(175c) Adsorption of Harmful Algal Bloom Toxins Onto Commercially Available Biochar: An Exploration on the Mechanisms and Factors Influencing Adsorption
AIChE Annual Meeting
2023
2023 AIChE Annual Meeting
Environmental Division
Environmental Issues involving Biochar
Thursday, November 9, 2023 - 4:20pm to 4:45pm
Harmful Algal Bloom (HAB) events involve the growth of microalgae which release lethal toxins into fresh and brackish water bodies due to climatic and anthropogenic activities. Some common HAB examples are red tides, blue-green algae, and cyanobacteria, which are known to lyze neurotoxins and hepatotoxins during blooms causing massive fish kills, and serious threat to human life. These outbreaks have terrorized Great lakes and coastal waters such as Lake Erie, Lake Okeechobee, Floridaâs Coasts and Gulf of Maine, negatively impacting marine ecosystems, fisheries, and the economy. To mitigate the release of these toxins, physical water treatment such as adsorption with the use of biochar provides a low-cost solution with high removal efficiency. This study investigates the effectiveness of commercially available pine derived biochar for adsorption of HAB toxins: Brevetoxin (PbTx-3), Microcystin-LR (MCLR) and Saxitoxin (STX). Material characterization of the biochar presented positively charged with high carbon content, high porosity (SBET = 261.06 m2/g) with substantial oxygen functionality (941.33 μmol/g).
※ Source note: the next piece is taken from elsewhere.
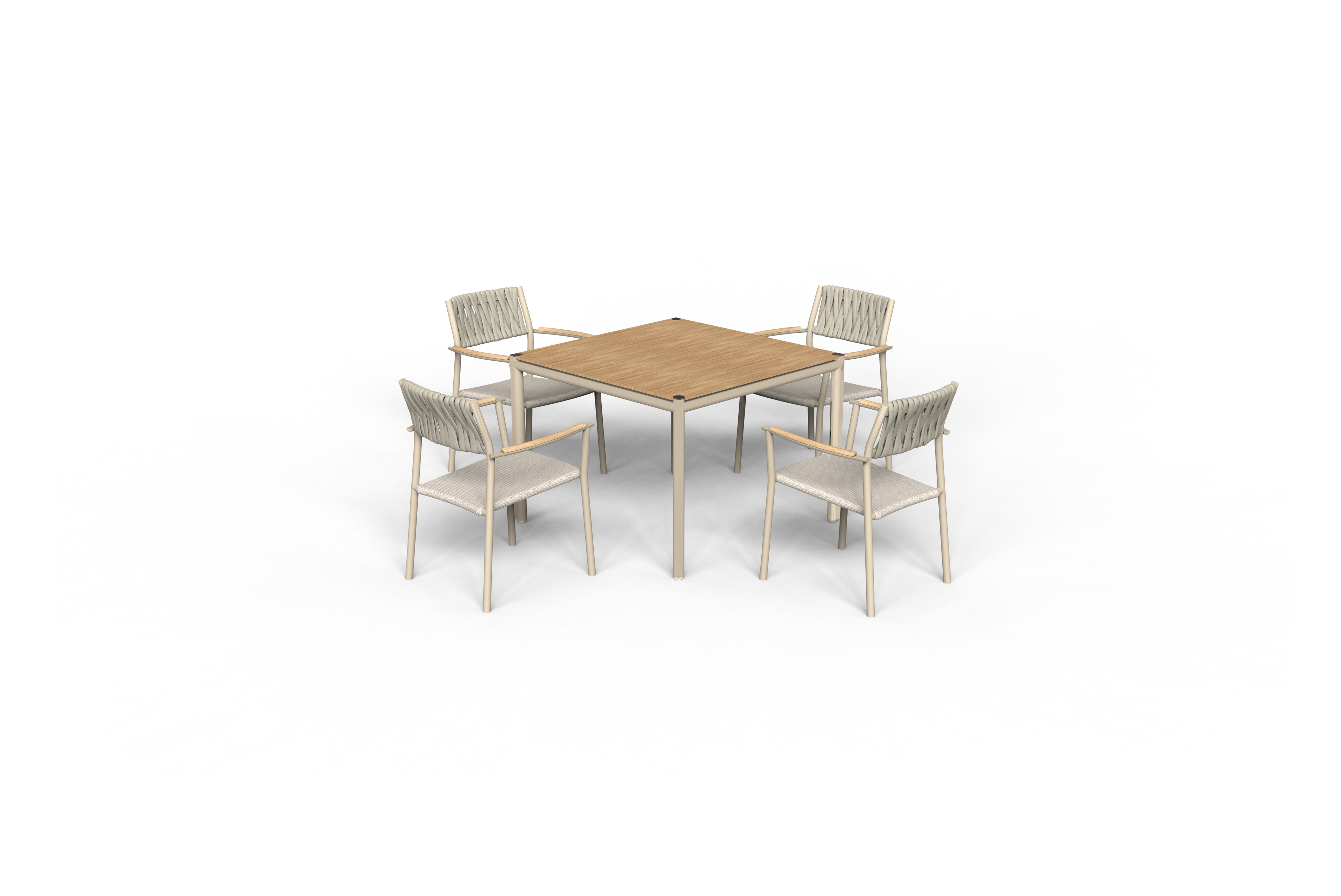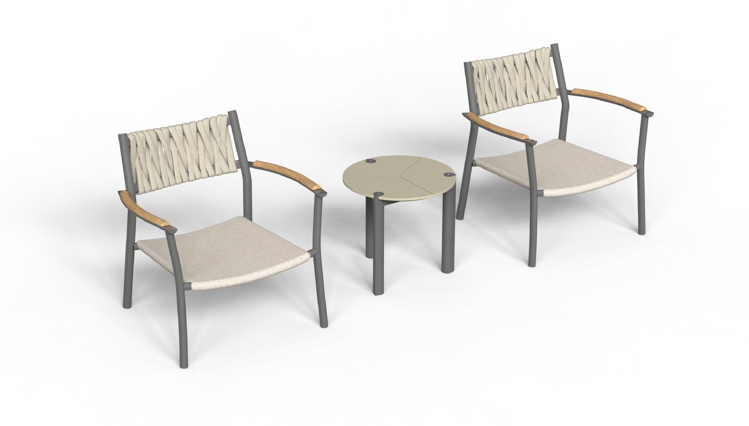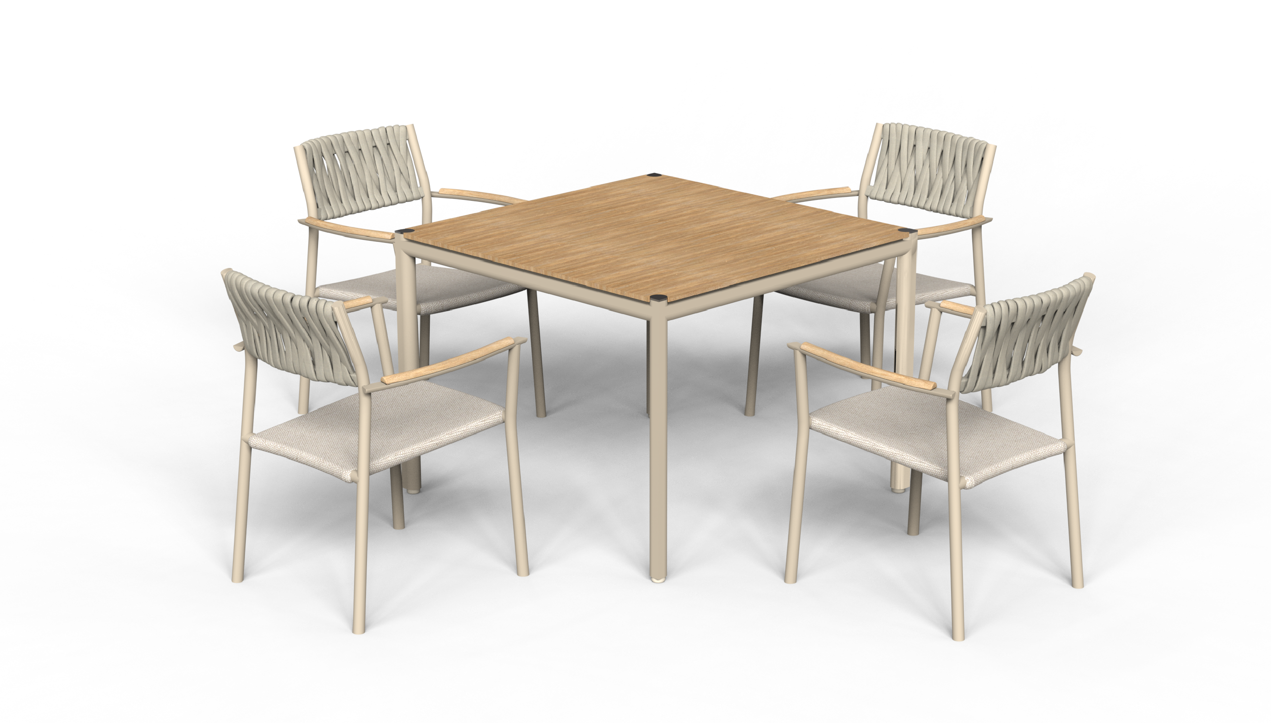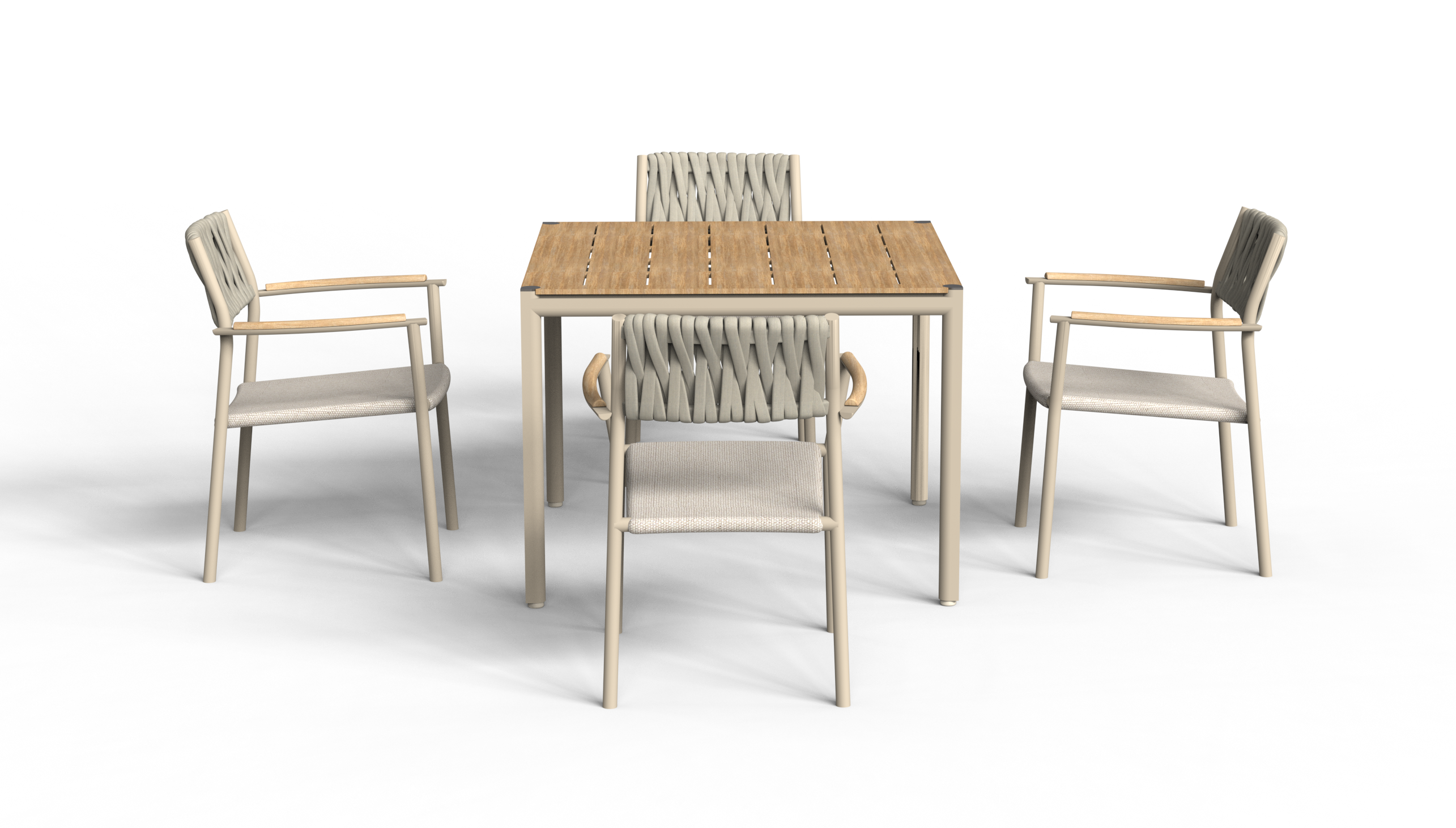the Cleo Series offers a modern interpretation of outdoor furniture, combining sleek design elements with thoughtful details to create a stylish and versatile collection. With itsteakwood armrests, twisted arm design, and contempo- rary aesthetic, the Cleo Series is sure to elevate any outdoor or indoor space with its unique charm and sophistication.

Dosage, equilibrium and kinetic study were performed on PbTx-3, MCLR and STX under ambient conditions with commercial biochar. Enzyme-linked Immunosorbent Assay (ELISA) analysis and high -performance liquid chromatography (HPLC) was used for adsorption analysis of the investigated toxins. From the dosage reports all three toxins experienced high percent removal (> 90 %) at a dosage rate of 0.4 g/L. High adsorption capacities were observed for the target toxins which fitted well with the combined Langmuir-Freundlich adsorption model and Pseudo-Second Order and Elovich kinetic model. The results support possible adsorption mechanisms such as electrostatic attraction, pi-pi stacking, ion exchange, hydrophobic interactions, and more which is explored in detail. Thus, commercial provides as a high removal efficiency solution for the mitigation HAB toxins.